## What needs to be done:
Hand back every line from the beginning of the data below through the line containing "Die Wohnung Lot", word for word and free of pictures.

---------- Material provided ----------

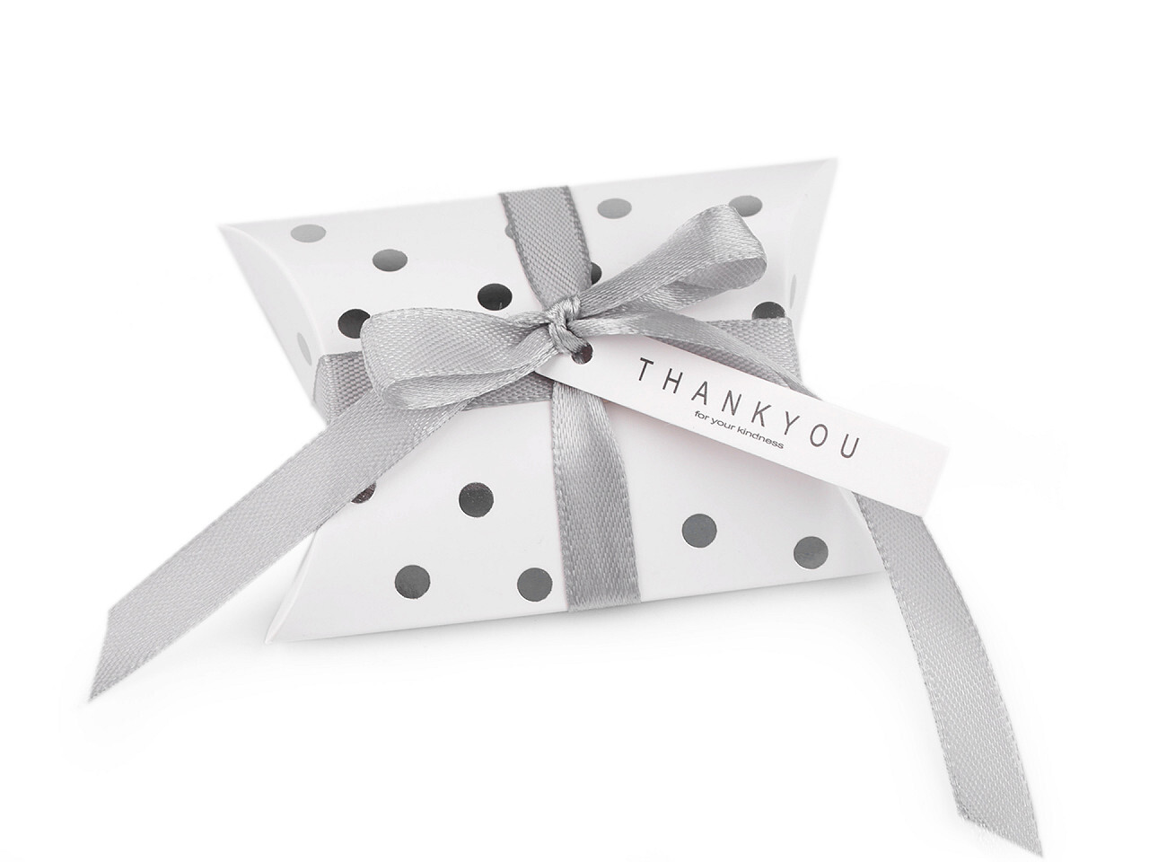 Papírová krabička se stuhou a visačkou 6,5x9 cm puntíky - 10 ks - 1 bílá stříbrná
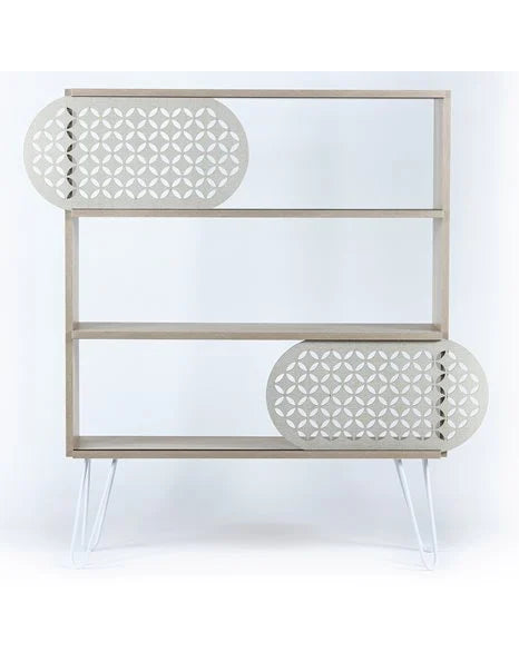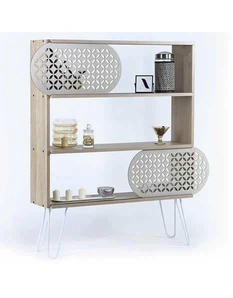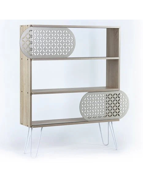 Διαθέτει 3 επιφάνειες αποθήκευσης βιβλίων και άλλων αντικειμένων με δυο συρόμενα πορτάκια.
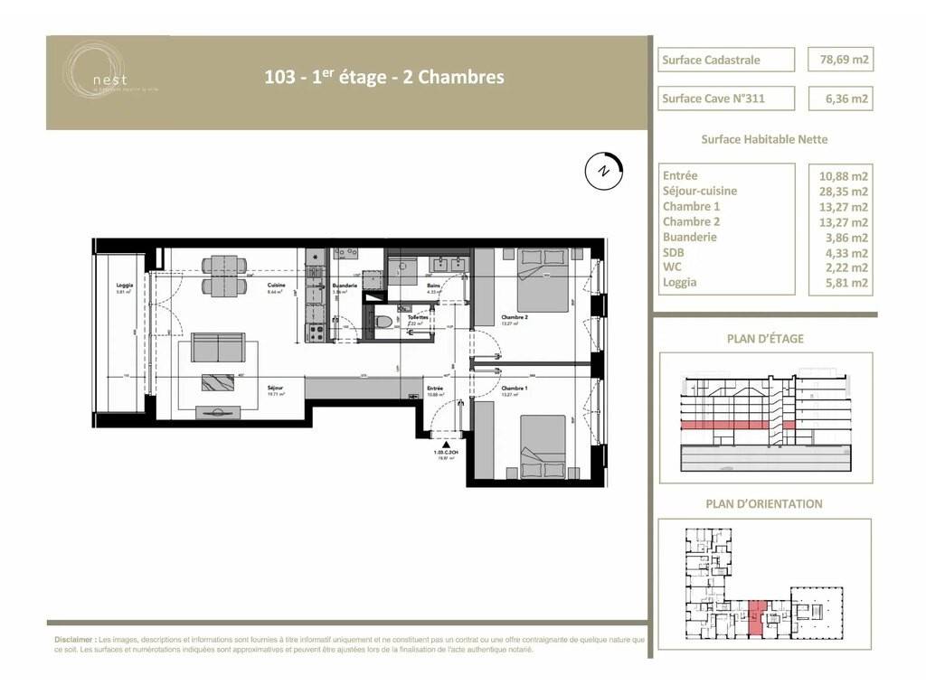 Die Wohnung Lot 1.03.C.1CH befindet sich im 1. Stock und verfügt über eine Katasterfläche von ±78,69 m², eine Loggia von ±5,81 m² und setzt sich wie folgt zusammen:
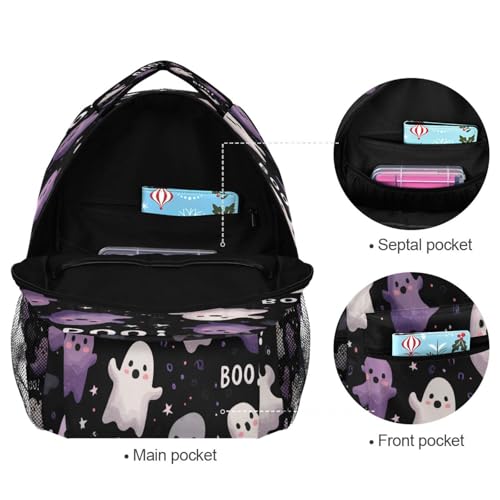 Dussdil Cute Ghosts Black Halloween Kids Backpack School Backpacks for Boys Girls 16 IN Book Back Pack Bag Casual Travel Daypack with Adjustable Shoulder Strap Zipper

----------

## Written reply:
 Papírová krabička se stuhou a visačkou 6,5x9 cm puntíky - 10 ks - 1 bílá stříbrná
 Διαθέτει 3 επιφάνειες αποθήκευσης βιβλίων και άλλων αντικειμένων με δυο συρόμενα πορτάκια.
 Die Wohnung Lot 1.03.C.1CH befindet sich im 1. Stock und verfügt über eine Katasterfläche von ±78,69 m², eine Loggia von ±5,81 m² und setzt sich wie folgt zusammen:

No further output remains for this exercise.